Another side road trip I did in the Nervia Valley is the road (known as the SP-68 and then turns into the SP-70 and then SP-92) which turns off from the main road just north of Dolceacqua and heads towards Rocchetta Nervina (clearly signposted) and then winds down the valley through some beautiful villages and comes out at another main road (known as the SS20 and is the main road which runs from Ventimiglia in the south to Tende in France before coming out of the mountains near the city of Cuneo in Italy). This road would be an excellent way to head back to Ventimiglia and the beaches but I would recommend doing this in the daylight as there are a few tight twists and turns on the road.

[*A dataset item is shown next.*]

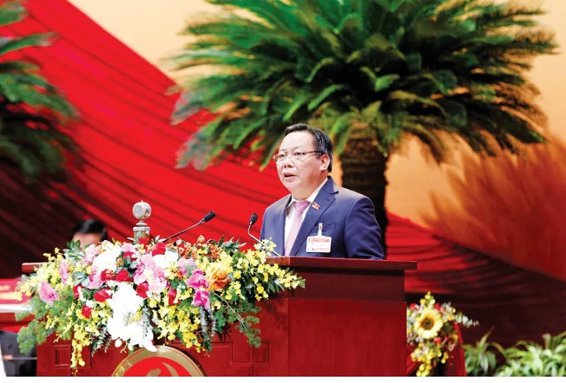 Hanoi Deputy Secretary of the Party Committee Nguyen Van Phong addresses the Congress.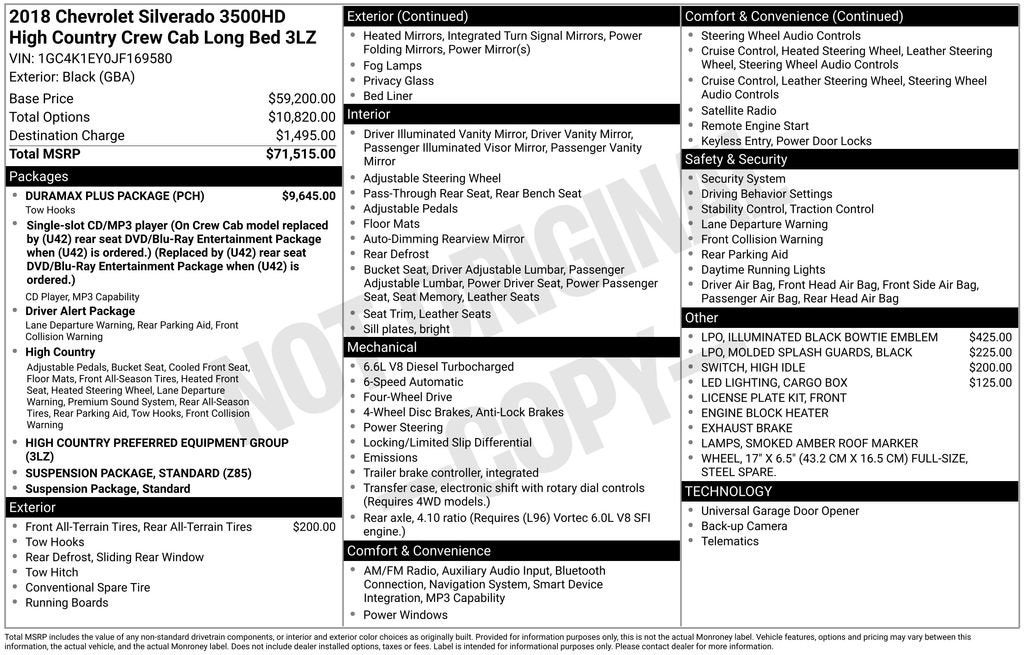 110-Volt AC Power Outlet, 150 Amps Alternator, 4 Movable Upper Cargo Tie Downs, 4-Wheel Disc Brakes, 4.2 Diagonal Color Display Driver Info Center, 7 Speakers, ABS brakes, Adjustable pedals, Air Conditioning, Alloy wheels, AM/FM radio, Auto-Dimming Inside Rear-View Mirror, Auto-dimming Rear-View mirror, Automatic temperature control, Black Molded Splash Guards (LPO), Body-Color Front Bumper, Body-Color Rear Bumper, Bodyside moldings, Bose 7 Speaker Sound System, Brake assist, Bright Sill Plates, Bumpers: body-color, Carpeted Front & Rear Floor Mats, CD player, Chevrolet Connected Access, Chevrolet w/4G LTE, Chrome Bodyside Moldings, Chrome Door Handles, Chrome Power-Adjustable Heated Outside Mirrors, Chrome Recovery Hooks, Color-Keyed Carpeting Floor Covering, Compass, Deep-Tinted Glass, Delay-off headlights, Digital Steering Assist, Driver & Front Passenger Visors, Driver Alert Package, Driver door bin, Driver vanity mirror, Dual front impact airbags, Dual front side impact airbags, Dual-Zone Automatic Climate Control, Duramax Plus Package, Electric Rear-Window Defogger, Electronic Shift Transfer Case, Electronic Stability Control, Emergency communication system, Engine Block Heater, Exhaust Brake, Exterior Parking Camera Rear, EZ-Lift & Lower Tailgate, Floor Mounted Console, Forward Collision Alert, Front anti-roll bar, Front Bucket Seats, Front Center Armrest, Front dual zone A/C, Front fog lights, Front Frame-Mounted Black Recovery Hooks, Front Full Feature Bucket Seats, Front Halogen Fog Lamps, Front License Plate Kit, Front reading lights, Front wheel independent suspension, Fully automatic headlights, Garage door transmitter, HD Radio, Heated & Vented Front Seating, Heated door mirrors, Heated front seats, Heated steering wheel, High Idle Switch, Illuminated Black Bowtie Emblem (LPO), Illuminated entry, Lane Departure Warning System, Leather Wrapped Heated Steering Wheel, Leather-Wrapped Steering Wheel, LED Cargo Box Lighting, Manual Tilt-Wheel/Telescoping Steering Column, Memory seat, Navigation System, Occupant sensing airbag, OnStar & Chevrolet Connected Services Capable, Outside temperature display, Overhead airbag, Overhead console, Panic alarm, Passenger door bin, Passenger vanity mirror, Pedal memory, Perforated Leather-Appointed Seat Trim, Power Adjustable Pedals, Power door mirrors, Power driver seat, Power passenger seat, Power Sliding Rear Window w/Defogger, Power steering, Power Windows, Power windows, Preferred Equipment Group 3LZ, Premium audio system: Chevrolet MyLink, Radio: Chevrolet MyLink w/Navigation, Rear 60/40 Folding Bench Seat (Folds Up), Rear reading lights, Rear seat center armrest, Rear step bumper, Rear window defroster, Remote Keyless Entry, Remote keyless entry, Remote Locking Tailgate, Remote Vehicle Starter System, Security system, Single-Slot CD/MP3 Player, SiriusXM Satellite Radio, Speed control, Speed-sensing steering, Split folding rear seat, Spray-On Pickup Box Bed Liner w/Bowtie Logo, Standard Suspension Package, Steering Wheel Audio Controls, Steering wheel mounted audio controls, Tachometer, Telescoping steering wheel, Tilt steering wheel, Traction control, Trailering Equipment, Trip computer, Turn signal indicator mirrors, Ultrasonic Front & Rear Park Assist, Unauthorized Entry Theft-Deterrent System, Universal Home Remote, Variably intermittent wipers, Ventilated front seats, Voltmeter, Wireless Charging. 2018 Chevrolet Silverado 3500HD

The Liguria region of Italy has a lot of surprises and this is one of them. It’s not all about hitting the beaches (which of course is worth a visit if you love the sun, sand and sea) but exploring this region is totally recommended. Whilst staying in Pigna I hired a car and spent a week here. The area is cheaper to rent accommodation than the French Riviera but if you still want to visit that area, Pigna to Monaco is about fifty minute drive whilst Nice is over an hour. I did this a couple of times and it wasn’t a problem with traffic. Also another place to check out in Liguria which is an hour’s drive from Pigna is the caves in Toriano.
I fell in love with this area and I hope to come back again, this time with a bike to do some cycling or some hiking. The area is just truly amazing and a hidden gem.
Have you been to the Nervia Valley? I would love to hear your views and if so, where would you also recommend?